FOR IMMEDIATE RELEASE January 31, 2023
Boise, Idaho – Governor Brad Little commented today on The Wall Street Journal editorial board’s piece highlighting Idaho’s historic tax cuts.
“The Idaho Legislature and I have worked together to achieve historic tax cuts for Idaho businesses and families, and we’re not done yet. We’ve turned back more tax relief per capita than any other state, with more property tax relief on the way,” Governor Little said. “It’s wonderful to see Idaho in the national spotlight for our relentless focus on the taxpayer. For years, we have demonstrated that ‘kitchen table economics’ leads to prosperity – we choose to live within our means, continually return the people’s money, cut waste and stretch our dollars further, make investments where they count, and save for hard times.”
The editorial titled “The State Tax-Cut Movement,” states in part:
“Many states that cut taxes in the early stage of the revenue boom have sustained or expanded their surpluses. That’s what happened in Idaho, which boasts one of the best-performing state budgets according to Pew. In May 2021 Gov. Brad Little cut the top rate on income to 6.5% from 6.93% amid a $900 million surplus. The state’s surplus grew by more than 50% the next year, and Gov. Little followed up by reducing the income tax to a flat 5.8%.”
Since 2019 when Governor Little took office, Idaho has returned more than $2.7 billion in one-time tax relief and more than $650 million in ongoing tax relief, including the new, lower flat income tax adopted during the September 2022 extraordinary session. Eighty-percent of Idaho voters approved the move along with historic investments in public schools.

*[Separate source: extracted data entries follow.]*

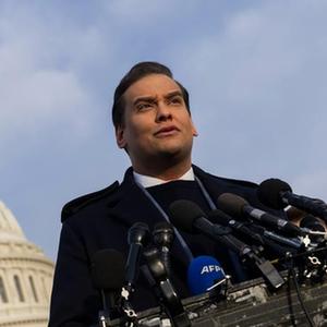 11月30日,乔治·桑托斯在美国华盛顿国会外举行的新闻发布会上对媒体讲话。新华社发(亚伦摄)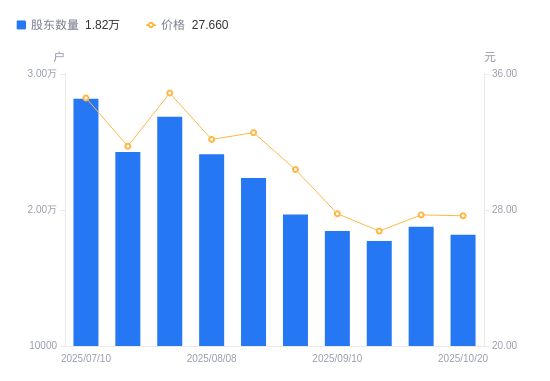 近一年(2024年11月20日至2025年10月20日),邵阳液压A股股东户数从1.18万户,增加至1.82万户,增幅53.53%,区间股价上涨62.82%。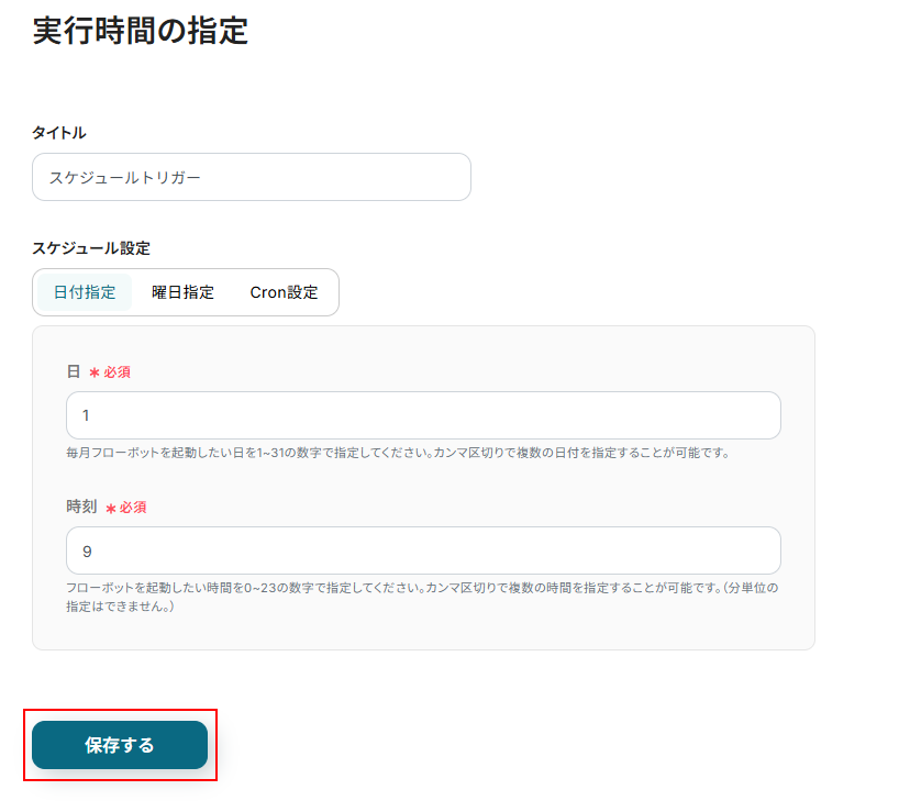 今回は以下のように、デフォルトで設定されている、毎月1日の9時からフローボットが起動するように設定しました。

The editorial goes on to compare Idaho’s success with the failures of California:
“States that don’t cut taxes in times of surplus invariably spend more, often building commitments that are hard to sustain and lead to pressure to raise taxes in the lean economic years. That’s what happened last year in California, where Gov. Gavin Newsom followed a $97 billion surplus with a $300 billion budget, including new climate spending and expanded Medicaid for illegal migrants. This month the state announced a $23 billion deficit.
“The tax-cutting spree is increasing the tax divide between GOP-led and progressive Democratic states. This in turn contributes to more cross-state migration. From Florida to Texas and Idaho, the states that draw the most new residents from other states tend to have much lower tax rates. Population losers like New Jersey, New York and California are among the most punitive taxers.
“Competition is moving states toward better tax codes, and the trend is compounding. Americans in states that haven’t joined the tax cutters at least have more places to move to.”